Fitch Affirms Polish City of Poznan at 'A-'; Outlook Stable
KEY RATING DRIVERS
The ratings reflect Fitch's expectation that the city will maintain its strong performance and decrease its direct debt over the medium term. The ratings also consider the municipal companies' high debt, which will further rise to finance investments. Fitch believes that Poznan's wealthy local economy and high fiscal flexibility will support revenue growth and help mitigate continuing pressure on operating costs.

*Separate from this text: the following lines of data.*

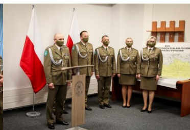
Powołanie na stanowisko Komendanta PSG w Krakowie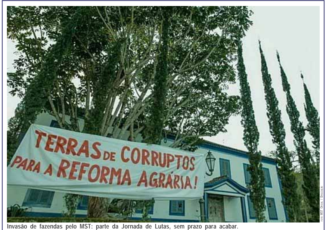
Invasão de fazendas pelo MST: parte da Jornada de Lutas, sem prazo para acabar.

“Temos uma parceria que não é de hoje”, disse ontem o governador Geraldo Alckmin (PSDB-SP) sobre o DEM. No dia anterior, Alckmin recebeu para jantar a cúpula do partido. Com isso, sinalizou uma possível aliança para a eleição presidencial de 2018. Até esse encontro, o governador dizia a aliados sua preocupação com a possibilidade do presidente da Câmara, Rodrigo Maia, suceder o presidente Michel Temer em uma eleição indireta e se tornar potencial concorrente. Hoje, Alckmin deve receber no Palácio dos Bandeirantes a cúpula do PSDB, oficialmente para discutir a atual conjuntura política.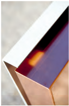
Im Kontrast zur makellosen Oberfläche des Alupanels wird das Kupfer allmählich eine Patina entwickeln.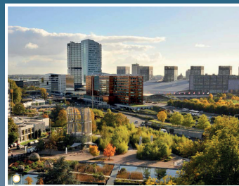
Quartier d'affaires Eurallille, Lille (Nord)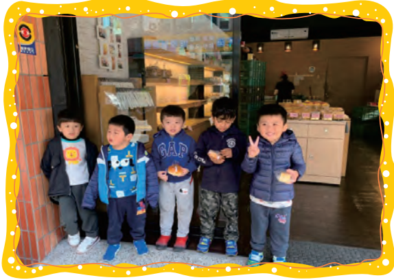
我們社區適應去麵包店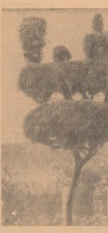
R. F. GERMANĂ. După multă trudă, un grădinar vest-german a reușit să dea unuia din pomii pe care îl îngrijește foarte bine locomotive supra-proizuse.

PARIS. — Compozitorul francez Darius Milhaud lucrează în prezent la o cantată avînd ca text enciclica „Pacem in terris” a Papei Ioan al XXIII-lea, pentru inițierea unei primei din cadrul unei audierii va avea loc la sfîrșitul anului în catedrala Notre Dame, cu ocazia ceremoniilor prilejuate de inaugurarea noii case a radiodifuziunii franceze. Darius Milhaud și-a ales de acum dirijorul în persoana lui Charles Munch.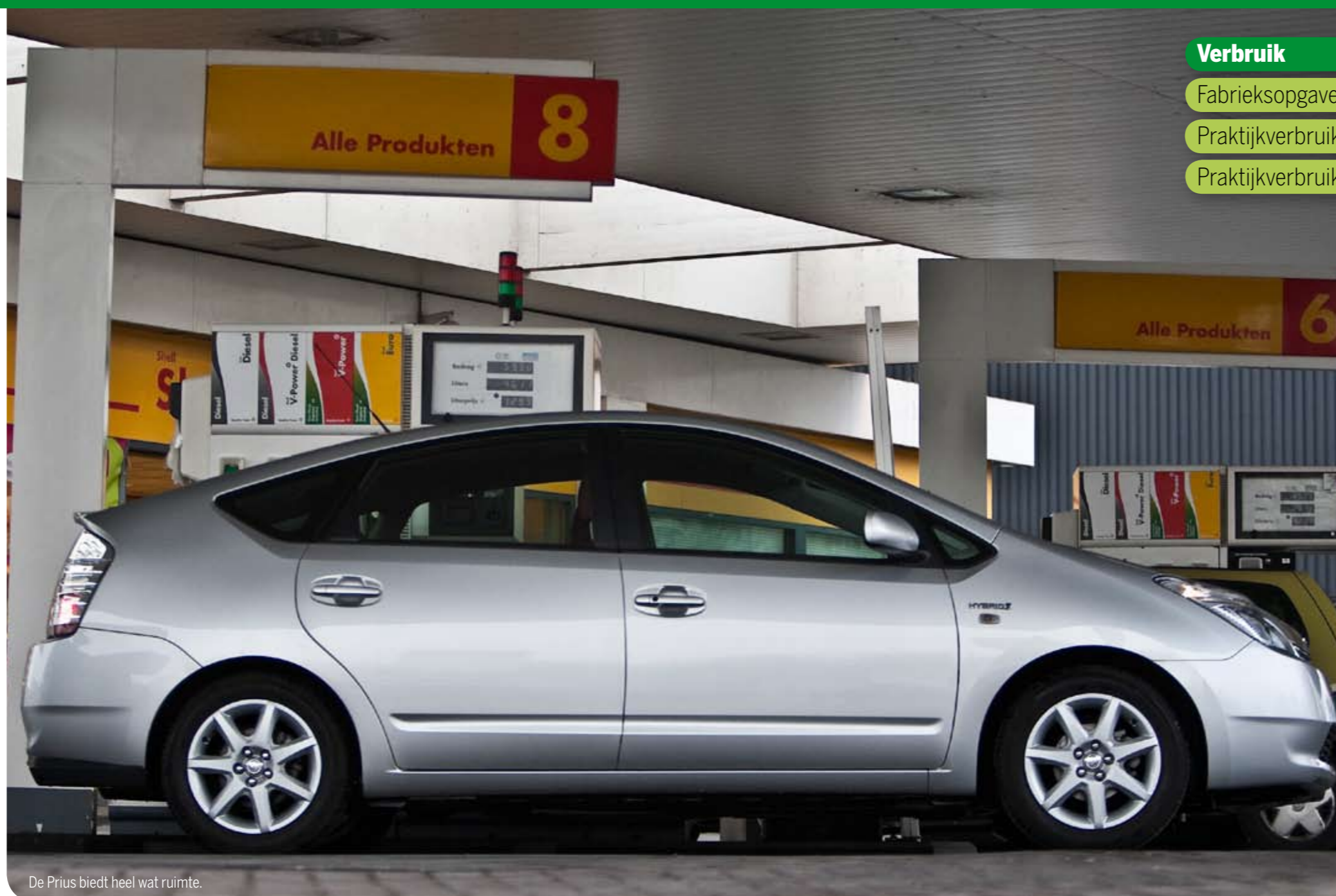
De Prius biedt heel wat ruimte.

Je hebt al een Prius voor € 24.990. Dan spreken we over de Comfort, die behoorlijk goed is uitgerust. Voor € 3760 meer heb je de Tech, met onder meer DVD-navigatie en intelligent parkeersysteem. En de Business kost € 4160 meer dan de basisversie, met eveneens DVD-navigatie en een audiosysteem met cd-wisselaar en negen speakers. Vanwege zijn lage uitstoot (A-label) is de Prius vrijgesteld van BPM, betaal je vanaf 1 april nog maar de helft aan motorrijtuigenbelasting en vergt hij slechts 14% fiscale bijtelling als auto van de zaak. Geen wonder dat de Prius onder lease-rijders populair is.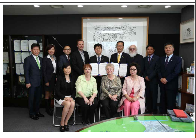
미국 부에나파크시 의향서 체결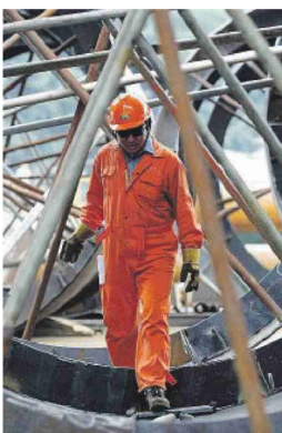
FABBRICA Un operaio al lavoro

CAMBIA L'IMPIEGO Per l'Istat l'Italia non ha soltanto perso occupazione industriale ha mutato struttura produttiva con una quota significativa del lavoro spostata dalla manifattura verso servizi ad alta intensità di lavoro ma con una crescita modesta della produttività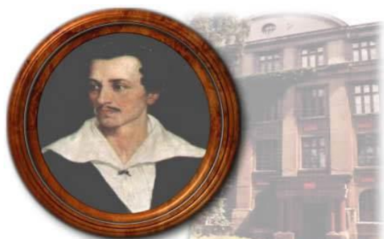
I Liceum Ogólnokształcące im. Juliusza Słowackiego w Częstochowie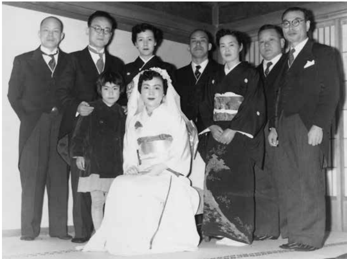
写真 1-12 婚礼衣装 着物とベール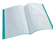
1 porte-vues A4 de 60 vues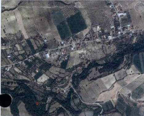
Resim 1: Yaklaşık Konumu Gösteren Uydur Görüntüsü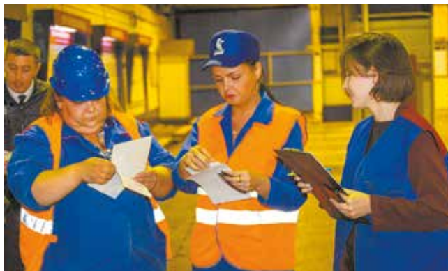
Что там в маршруте?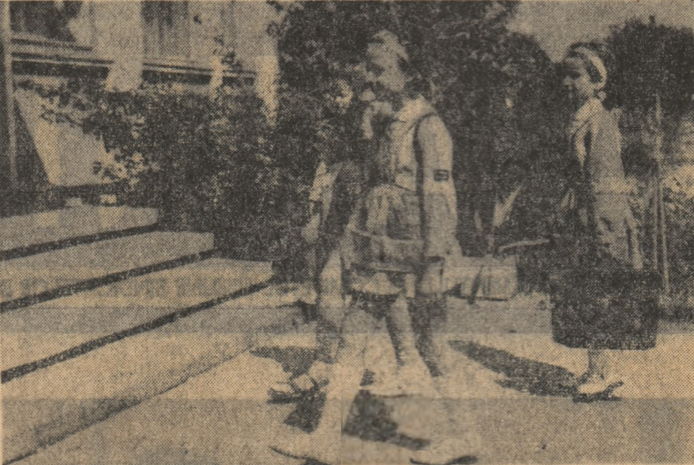
Primii pași, primele descoperiri pe căile învățării.

Converbirile avute în legătură cu reglementarea programului de muncă ne-au creat convingerea că directorii de școli vor veghea cu toată grija la justa aplicare a ordinului ministrului.

The city's operating margin should stabilise around 14% in the medium term, according to Fitch's projections. The city has high flexibility to generate own revenues, which will be supported by the growth in the national economy that Fitch expects. Additionally, we assume that Poznan will continue with measures aimed at limiting expenditure growth allowing the city to mitigate continuing pressure on operating costs. The pressure stems from a rigid cost structure and the necessity to maintain newly-built infrastructure, among others. Poznan's operating margin improved to 14.8% in 2014 from 10%-11% in 2011-2012.
Fitch expects Poznan's direct debt to decrease to 55% of current revenue by end-2016, which will be an improvement from the average 75% of current revenue in 2011-2013. We project debt at about PLN1.5bn at end-2016 as the city does not expect a significant increase in its investment programme until new EU grants become available under the 2014-2020 framework. Fitch assumes that the city will spend PLN1.3bn on investments in 2015-2016.
In 2014, the city earlier redeemed PLN83m of debt. Outstanding debt was PLN1.64m at year-end. The operating balance covered the annual debt service (principal and interest) by 1.4x calculated with the prepayment and over 2x without. Fitch projects that the city's operating balance should cover principal and interest payments by at about 1.8x in the medium term.
Fitch expects indirect risk (debt of and guarantees on companies related to Poznan) to further grow to PLN1.3bn in 2015 from PLN1.1bn in 2014. This will result from the municipal companies' investments. We consider this level of indirect risk to be still manageable due to the companies' strong self-financing ability and as their current business plans do not foresee financial assistance from the city. However, the proportion of the indirect risk to the city's direct debt was 68% in 2014, i.e. the highest among peers and is expected to grow to about 80% in 2015-2016.
Poznan's diversified and wealthy economy has resulted in gross domestic product per capita of 2x the national average. Services dominate the local economy. The sector produces 73% of gross value added and employs about 77% of the local workforce. At end-February 2015, the unemployment rate was 3.4% and the lowest among Polish cities and far below the national average of 12.0%.
RATING SENSITIVITIES
The ratings could be upgraded if the city maintains its operating margin above 15% on a sustained basis accompanied by contained net overall risk growth and an upgrade of the sovereign rating (A-/Stable).
A downgrade could result from sustained deterioration of the operating margin far below Fitch's expectations, or a significant rise in direct debt leading to the city's debt payback ratio (debt to current balance) exceeding 10 years.